ToE retains 98%+ of full-model AUROC with only 5 evidence units, consistently across 6 tasks.
At k=1, ToE reduces Fidelity MAE by 56% compared to LIME and achieves 22 percentage points higher AUROC.
Qualitative analysis shows ToE adaptively searches: simple cases rely solely on vital signs, while ambiguous signals trigger inclusion of text.
Results are stable under cross-center validation (eICU, 208 hospitals) and in a non-medical domain (LEMMA-RCA).

Highlights & Insights¶

The "System 2 search" analogy is apt—interpretability is elevated from passive attribution to active search, with the search process itself being auditable.
The probability-space stability term is elegantly designed: in ICU settings, most patients have \(p\) close to 0 or 1, so logit-space deviations have minimal impact in probability space.
The 109M-parameter ToE outperforms the 70B Med42, demonstrating that structured approaches substantially outperform general-purpose LLMs on structured prediction tasks.

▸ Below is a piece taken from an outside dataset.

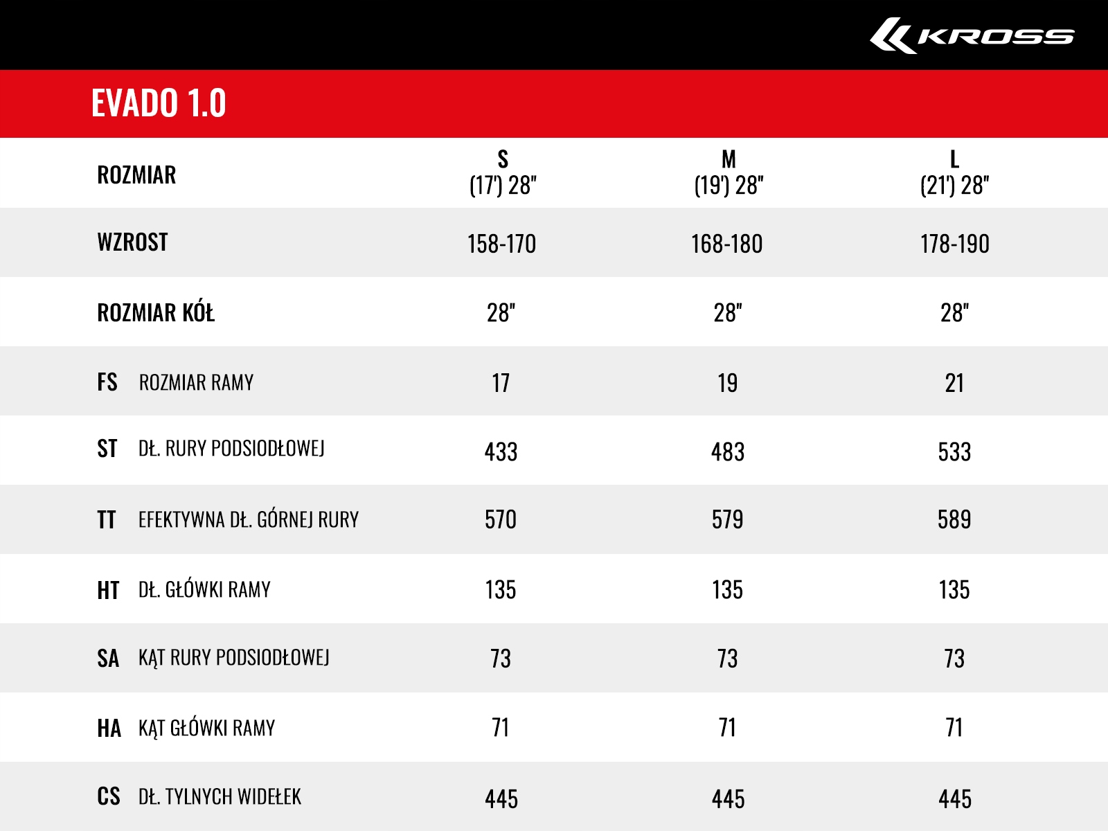 KROSS Evado 1.0 — наша базовая модель кроссового велосипеда. И хотя он возглавляет список мотоциклов в этом сегменте, ему нечего стыдиться. Проверенные компоненты и решения, удобная геометрия и адаптация практически к любой местности – вот особенности, отличающие его от конкурентов. Кроссовый велосипед KROSS Evado 1.0 представляет собой идеальное сочетание нескольких различных типов велосипедов — в первую очередь трекинговых и горных.
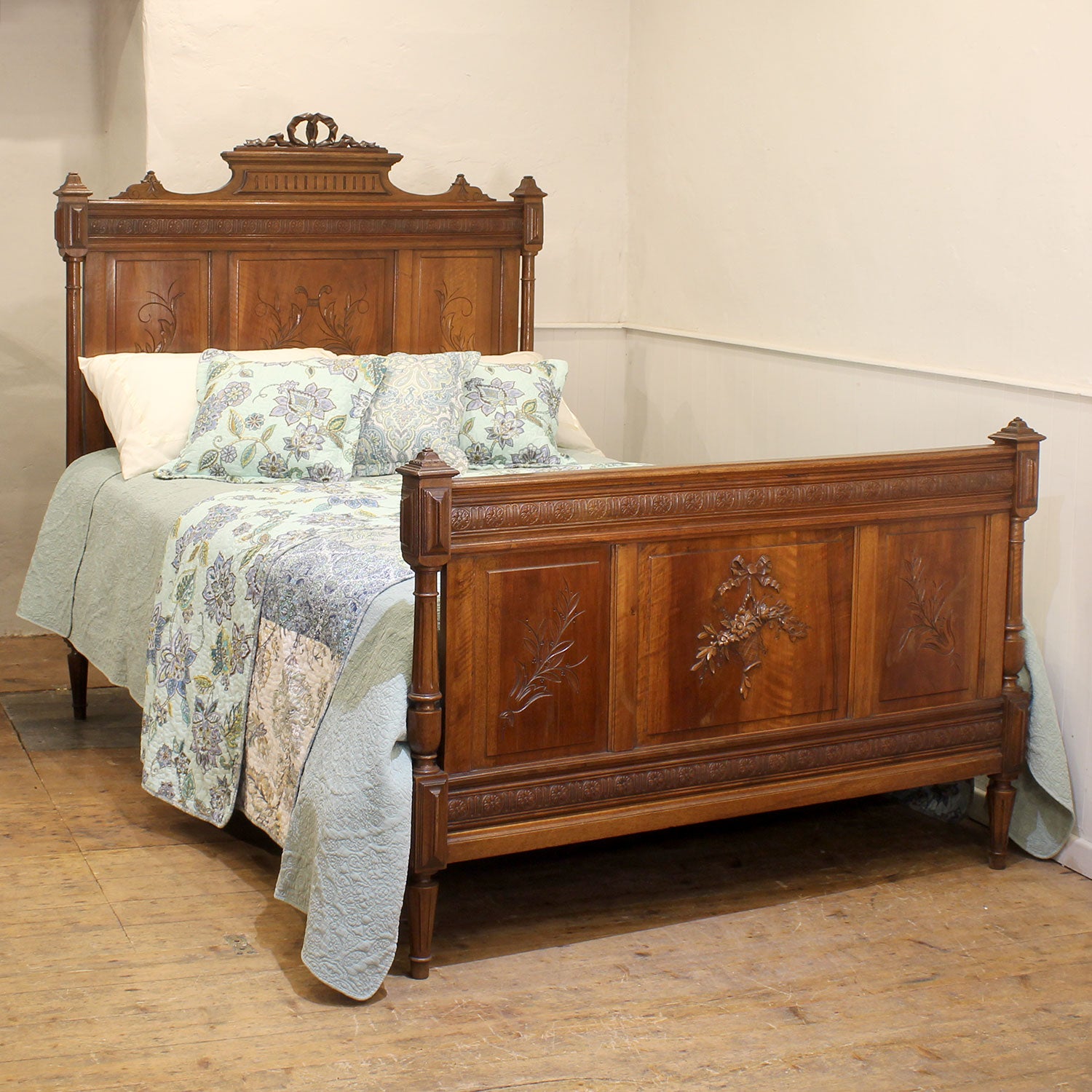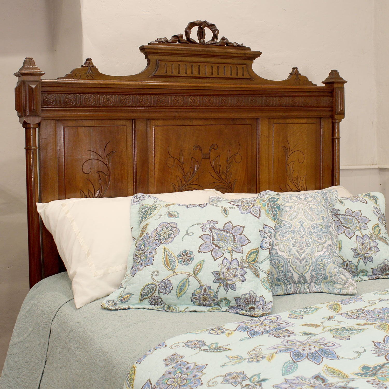 A finely carved French walnut antique bed with carved panels, fluted posts and garland pediment. Circa 1900.

Limitations & Future Work¶

Evidence unit granularity (1-hour windows, 3-sentence text segments) is predefined; different tasks may require different granularities.
Beam search yields heuristic rather than global optima, though the gap with exhaustive search is <0.001 AUROC at small \(k\).
Training modality-specific encoders and selectors is required in advance; the approach is not plug-and-play.
Validation at finer-grained evidence units (e.g., image pixel regions or waveform segments) has not been conducted.

vs. LIME/SHAP: These are post-hoc approximations without hard selection mechanisms; ToE achieves substantially higher fidelity under sparse evidence budgets.
vs. Concept Bottleneck Models: CBMs require predefined concept annotations and perform static inference; ToE dynamically discovers evidence from learned representations.
vs. Tree-of-Thoughts: ToT searches in the token generation space; ToE searches in the evidence selection space.

Rating¶

Novelty: ⭐⭐⭐⭐⭐ First application of inference-time beam search to multimodal interpretability; the framework is complete and original.
Experimental Thoroughness: ⭐⭐⭐⭐⭐ Three datasets, 6 tasks, cross-center validation, and comparisons with LLMs and CBMs.
Writing Quality: ⭐⭐⭐⭐ The System 1/2 analogy is clear; method description is thorough.
Value: ⭐⭐⭐⭐ Provides a practical and auditable mechanism for deploying multimodal models in high-stakes domains.